Slide 23 of 41
Notes:
For example, let’s say we chose to create a futures wheel from the provocative statement, ”By 2010, we talk to our computers, they talk back, and recognize us via biometrics.” This statement is a vivid way of expressing several related trends: 1) increasing multiplicity of input and display devices for computers, with consequent decline in use of keyboards; and 2) increasing use of “biometrics” – identifiers based on unique characteristics of living organisms, like our fingerprints, retinal patterns, blood type, or DNA.

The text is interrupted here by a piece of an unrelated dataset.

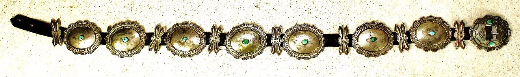 Eye catching 1940's silver concho belt with scalloped oval conchos measuring 2 3/4" and decorated with turquoise stones and alternate with silver butterflies measuring 33".

What are the first effects you can extrapolate would emerge from this shift in the computing infrastructure – and everything connected to, or depending upon, it? For example:
- working – and education – environments noisier;
- nobody needs to remember passwords anymore;
- precipitous drop in incidence of work-related carpal tunnel syndrome;
- market emerges for ”great voice” modules to personalize computer speech.
These are just a few examples of primary effects these changes would have in our immediate lives. If your thinking gets stuck, look at the subdivisions in the futures wheel. These effects address the areas of work, education, daily life, health, and the economy – what about hobbies? our homes and family life? the arts? etc.
Next, take each of these primary effects, one by one, and ask what effects they in turn will have on our lives:
- working – and education – environments noisier:
- wireless ”earbud” headphones/microphones to communicate with your computer;
- ”visual display” goggles for silent response, eye movement navigation through menus:
- accelerated development of hyper-reality;
- development of ”workpod” office and schoolroom furniture, with built-in sound barriers:
- people in the same room conversing through their computers’ wireless network.
While listing the secondary effects of the chosen primary effect, tertiary effects also emerged, as the indented, italicized items illustrate.